A streamlined interface for LangChain AI agent creation with multi-modal support (text and images).

Features

  • Simple API: Easy-to-use interface for creating AI agents
  • Multi-modal Support: Handle both text and image inputs seamlessly
  • LangChain Integration: Built on top of the powerful LangChain framework
  • Flexible Models: Support for OpenAI, Anthropic, and other LLM providers
  • Document Processing: PDF and image processing capabilities
  • Context Management: Advanced context engineering utilities
  • Async Support: Both synchronous and asynchronous execution

Installation

pip install agi-agents

Quick Start

from agi_agents import Agents
from langchain_openai import ChatOpenAI

# Initialize your model
llm = ChatOpenAI(model_name='gpt-4o-mini')

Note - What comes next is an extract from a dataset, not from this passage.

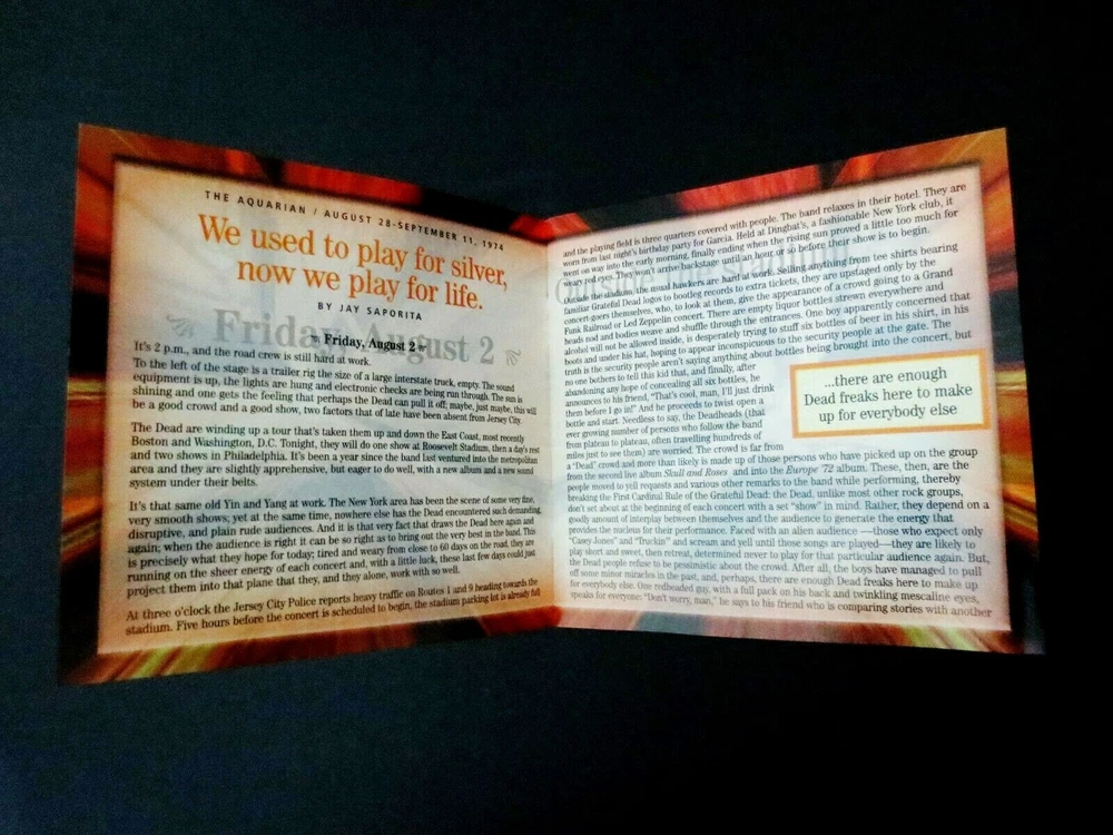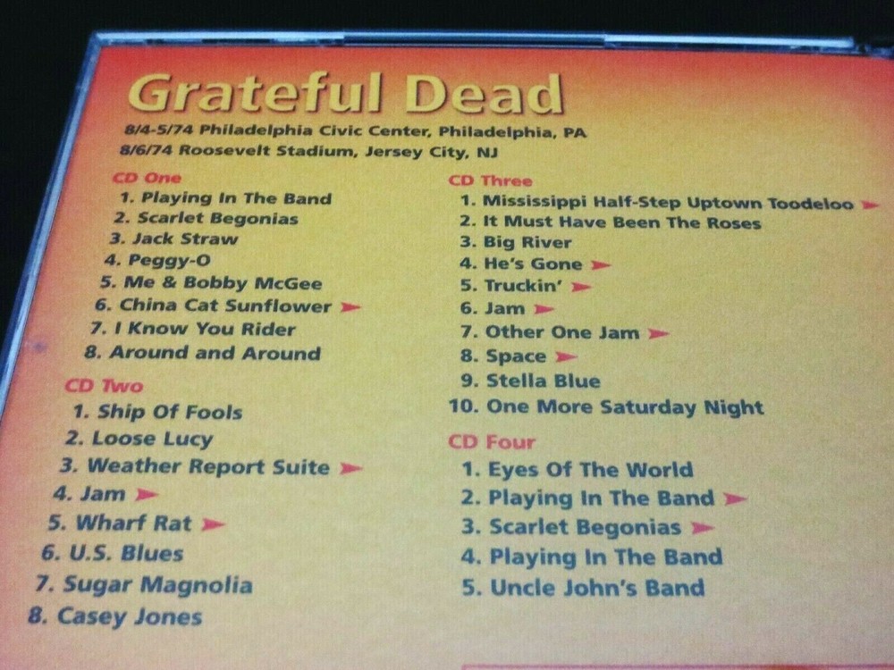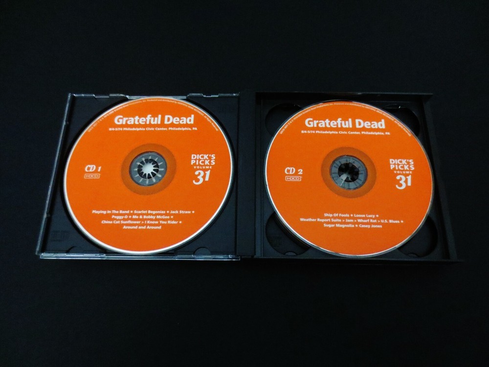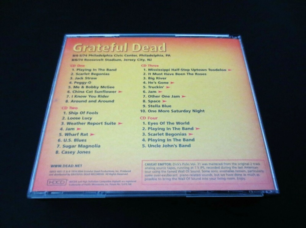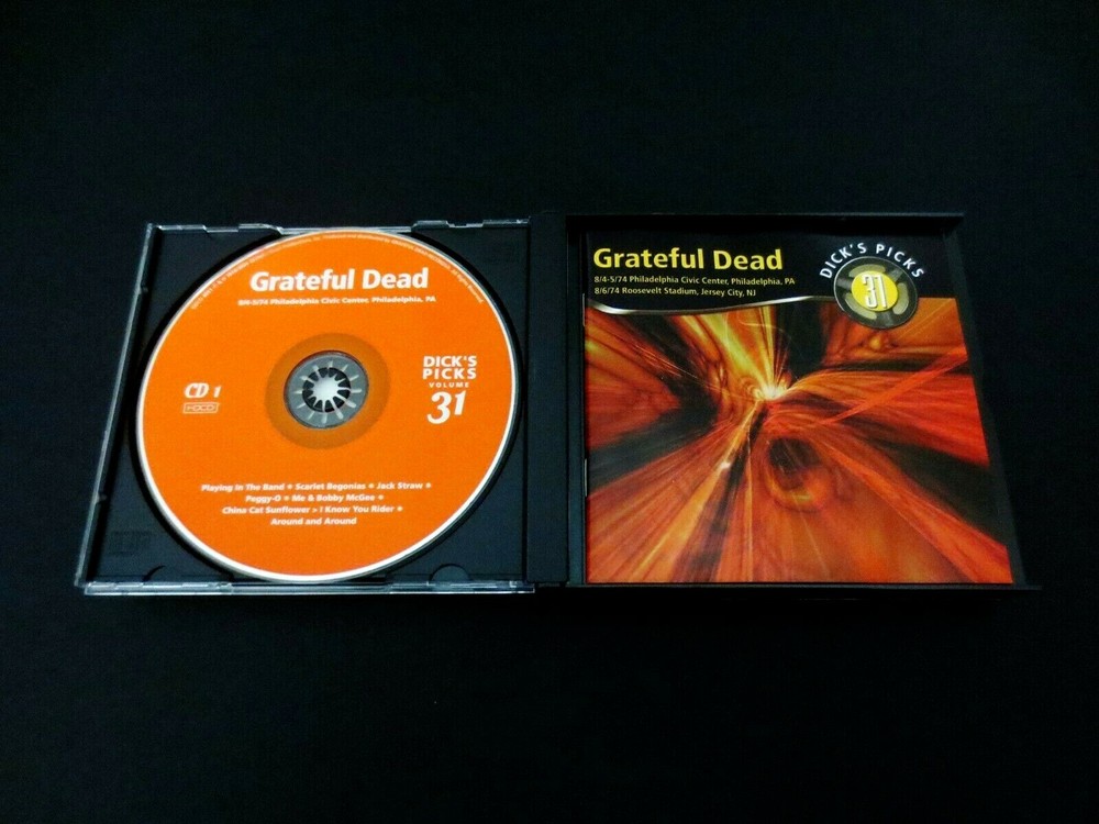 Grateful Dead : Dick's Picks 31 Volume Thirty One : August 4 & 5, 1974 ( 8/4/1974 & 8/5/1974 ) - 8/4-5/1974 Philadelphia, Pennsylvania ( PA ) & August 6, 1974 ( 8/6/1974 ) 8/6/74 - Jersey City, New Jersey ( NJ ): 2004 (1974/2004) Grateful Dead Productions, Inc. ( GDP ) - GDCD 4051 : " Original ! " First ( 1st ! ) Printing ! : 2004 release ( Not the 2012 Re-Issue / Re-Print ! ) : 4 CD Set : Very-Rare !!!! 4-CD Set >>>> Dick's Picks 31 from 1974 !!! : Philadelphia Civic Center - Philadelphia, PA ( 8/4-5/1974 ) - and - Roosevelt Stadium, Jersey City, NJ ( 8/6/1974 ) : Wall of Sound !!!!!!! *** Original First ( 1st ! ) Printing ! ..... Grateful Dead Productions, Inc. >>> GDCD 4051 !!! *** Alright ! Yes !!! I love it ... as it appears 1974 Grateful Dead is indeed fresh on the menu these days - and appears to be right back in Style ( as if it ever left ! ) as the recent-fashion of the day. A few of the newer releases from the G.D. Vault are fine performances from 1974 : '74 Dillon Stadium ( Hartford, CT ) release ( DP # 2 ) -- '74 Cap Centre ( Landover, MD ) - ( DP 2012 Bonus Disc ) -- and '74 University of Montana - Missoula, MT ( DP # 9 ) !!! And, as we already well know, these were the final glorious days of the monstrous & beautifully sounding " Wall of Sound " - the massive, and downright-genius Sound System of The Grateful Dead in 1974 ! It debuted in February '74, and delivered a pristine & unmatched live concert for Grateful Dead Fans like no other. Unfortunately, as the documented stories & proof goes - this beast of a system took a toll on the inner-Grateful Dead Family, both Band & Road Crew too ! As fine as it sounded it became a physical, logistical & large financial drain on our heroes ( yes, you too " Road Crew " are our heroes as well - as hopefully you already knew ! ). This system was one of many factors that lead to the darn-near disbanding of the band during the " hiatus " period at the end of 1974, following the October Winterland run. So, despite folks selling their souls - for the very good cause of amplified Rock 'n Roll sound, this system is a one of a kind - and it clearly shows in the tale of the tape : Six ( 6 ) Independent Sound Systems ( one each-unique for Vocals, Lead-Guitar, Rhythm-Guitar, Piano, Bass & Drums ) ! Eleven ( 11 ) separate Channels ! Forty-Eight ( 48 ) Amplifiers ! And yes ... Six-Hundred-Forty-One ( 641 ) Speakers !!! So with that - I'll inform you of the specific details of how the " Wall " does more than its fair-share on this treasure of a G.D. release ... Disc 1 offers a simply Must hear Playin', Scarlet & China Rider !!! Wow & that's just CD 1 !?! Disc 2 would probably pride itself on the Weather Report > Jam ! > Wharf Rat where band communication gets nice & spacey just how we like it ! Disc 3 & 4 really duke it out for the top stop, and here's how : CD Three delivers a He's Gone > Truckin' > Jam! > Other One Jam! > Space > Stella Blue that may be some of the finest musical notes & interplay that ever came out of the " Wall ". Then, if that's not enough Dead-for-Your-Head, then Disc 4 answers with this, and simply this : Eyes > Playin' > Scarlet > Playin' & Uncle John's Band. So, as it pretty much goes without saying -- this release is a Must-hear... & Must-own too for any serious fan who prides themselves on owning every professional release that captures those moments when the band is at their best. Hey up there Dick ! Thanks for springing this one on us, yet another hidden-gem from that gold-mine vault of treasures that we never knew existed. You ! are the absolute-best at these surprises & for that we Thank-You ! & are Forever Grateful !! Big-League '74 ! here fans ... I mean dig-in & Enjoy !!!! TRACK LISTING >>> Grateful Dead recorded ' Live ' at the Philadelphia Civic Center in Philadelphia, Pennsylvania ( PA ) on 8/4-5/1974 - and - at Roosevelt Stadium in Jersey City, New Jersey ( NJ ) on 8/6/1974 : CD 1 : Playing In The Band Scarlet Begonias Jack Straw Peggy-O Me & Bobby McGee China Cat Sunflower > I Know You Rider Around And Around CD 2 : Ship Of Fools Loose Lucy Weather Report Suite > Jam > Wharf Rat > U.S. Blues Sugar Magnolia Casey Jones CD 3 : Mississippi Hefl-Step Uptown Toodeloo > It Must Have Been The Roses Big River He's Gone > Truckin' > Jam > Other One Jam > Space > Stella Blue One More Saturday Night CD 4 : Eyes Of The World Playing In The Band > Scarlet Begonias > Playing In The Band Uncle John's Band Item Condition : This Very-Rare !! " Original ! " 1st Printing ! ( 2004 GDP release ( GDCD 4051 ) ) Grateful Dead Dick's Picks 31 ( 8/4-5/1974 Philadelphia Civic Center - Philadelphia, PA & 8/6/1974 Roosevelt Stadium - Jersey City, NJ ) 4-CD Set is in Very Good/Like New condition - close to Like New. CD's ( Disc 1, Disc 2, Disc 3, Disc 4 ) are in Very Good/Like New condition - close to Like New, with faint light marks on the playing surfaces (please see photos). Liner Notes ( Inside Insert ( 18-Page Booklet ) & Front/Back Insert Cards ) are in Very Good condition - close to Very Good/Like New (Near Mint) with very light indentations (please see photos). CD Case ( 4-CD Wide Jewel Case ) is in Like New (Near Mint/Mint!) condition (please see photos). This 4-CD Set has been very carefully stored inside protective plastic in my professional CD rack. Please see all photos provided. Photos included are of the actual items you will receive. '74 Summer Tour G.D. ! in the Mid-Atlantic !! ... Enjoy !!! Please Note : This Very-Rare ! 4-CD Set is the " Original 1st Printing ! " ( 2004 Grateful Dead Productions, Inc. ) release ( GDCD 4051 ), and is not the 2012 " Real Gone " brand re-released & later pressed ( ' Re-Printed ' ) version of this CD Set. This one here is the Genuine / Authentic Original GDP 1st Printing ! - from 2004 !! Please ask any questions before bidding/buying & Best of Luck ! ( also ... please feel free to click the 'see other items' button above to check out my other related live listings - Thanks ! ) U.S. & Interna

# Create a simple text processing chain
chain = Agents.chain_create(
    model=llm,
    text_prompt_template="Answer this question: {question}",
)

# Use the chain
response = Agents.chain_batch_generator(
    chain, 
    {"question": "What is artificial intelligence?"}
)
print(response)

Multi-modal Example

# Create a chain that processes both text and images
chain = Agents.chain_create(
    model=llm,
    text_prompt_template="Describe this image: {description}",
    image_prompt_template=True
)

# Process an image
base64_image = Agents.normalize_image_to_base64("path/to/image.jpg")
response = Agents.chain_batch_generator(
    chain,
    {
        "description": "What do you see?",
        "base64_image": base64_image,
        "detail_parameter": "high"
    }
)

Main Classes

Agents

The core class for creating and managing AI agents:

  • chain_create(): Create LangChain processing chains
  • chain_batch_generator(): Execute chains synchronously
  • chain_stream_generator(): Stream responses in real-time
  • continue_chain_batch_generator(): Handle long conversations with continuation

Contexts

Utility class for context engineering:

  • create_context_layer(): Create context templates
  • compress_context(): Compress contexts to fit token limits

Document

Document processing utilities:

  • extract_text_from_pdf(): Extract text from PDFs
  • convert_pdf_to_images(): Convert PDFs to images
  • pdf_to_base64_images(): Convert PDFs to base64 for LLM processing

Requirements

  • Python 3.8+
  • langchain-openai
  • langchain-anthropic
  • langchain-core
  • PyMuPDF
  • Pillow
  • pillow-heif

License

MIT License

Contributing

Contributions are welcome! Please feel free to submit a Pull Request.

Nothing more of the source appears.